Drillbit Taylor is a 2008 American coming-of-age comedy film directed by Steven Brill, produced by Judd Apatow, Susan Arnold and Donna Arkoff Roth with screenplay by Kristofor Brown and Seth Rogen based on an original story by John Hughes (his final film work before his death in 2009). In the film, three high school pupils decide to hire an adult bodyguard to protect them from two bullies who endlessly harass and abuse them before developing a friendly relationship with him.

The film stars Owen Wilson as the eponymous role, alongside Nate Hartley, Troy Gentile, David Dorfman, Alex Frost, Josh Peck and Leslie Mann in supporting roles.

Drillbit Taylor was released by Paramount Pictures on March 21, 2008. Upon release, the film received mixed reviews, with criticism directed mainly toward the screenwriting, the direction and the mean-spirited nature, but praised the humor, Wilson's performance and the chemistry between the cast.

Plot
On the first day of high school, freshmen Wade and Ryan witness bullies Filkins and Ronnie attack a geek, Emmit, stuffing him into his locker. Wade intervenes, so the two begin endlessly targeting Wade, Ryan and Emmit. Emmit also befriends the duo, much to Ryan's dismay.

Wade suggests hiring a bodyguard. They place an ad on the Internet, and after a series of disturbing interviews with ex-cons and hired guns, they end up selecting Drillbit Taylor. Drillbit pretends to be a martial arts expert and mercenary, but is really a homeless beggar. His real intention of becoming their bodyguard was to rob them and use the money to buy a ticket to Canada. 
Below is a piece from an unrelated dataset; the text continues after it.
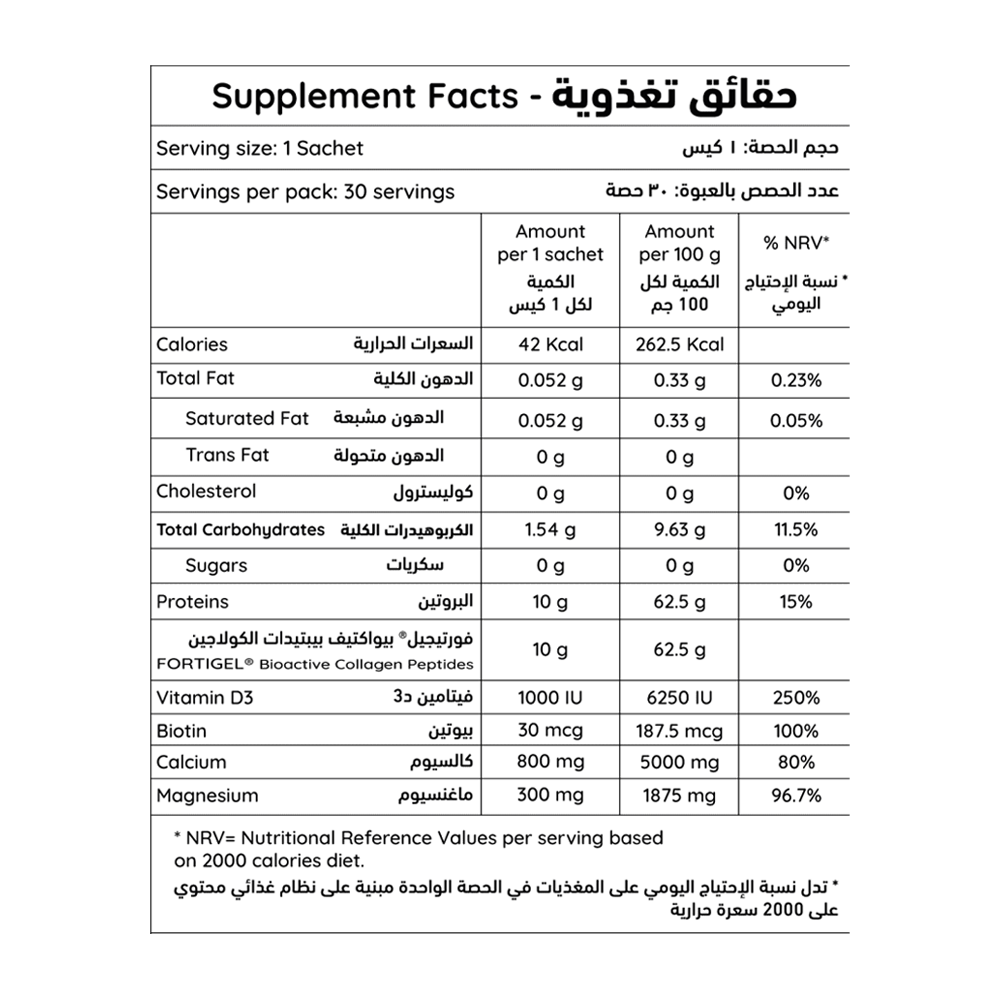 10 جرام من ببتيدات الكولاجين الحيوية Fortigel™، 800 ملغ من الكالسيوم، 1000 وحدة دولية من فيتامين د3 (كوليكالسيفيرول)، 30 ميكروغرام من البيوتين، و300 ملغ من المغنيسيوم.

Drillbit suggests they find some common interests with Filkins and Ronnie. Ryan challenges Filkins to a rap battle, but gets carried away and ends up unintentionally humiliating him. So, an angry Filkins, alongside Ronnie, ambushes the trio. Trying out a tactic Drillbit taught them ultimately fails. The boys are furious with his teachings. But they decide to bring him to school as a substitute teacher, and in that capacity he is able to protect them. While there, Drillbit meets a teacher, Lisa Zachey, and they start a sexual relationship.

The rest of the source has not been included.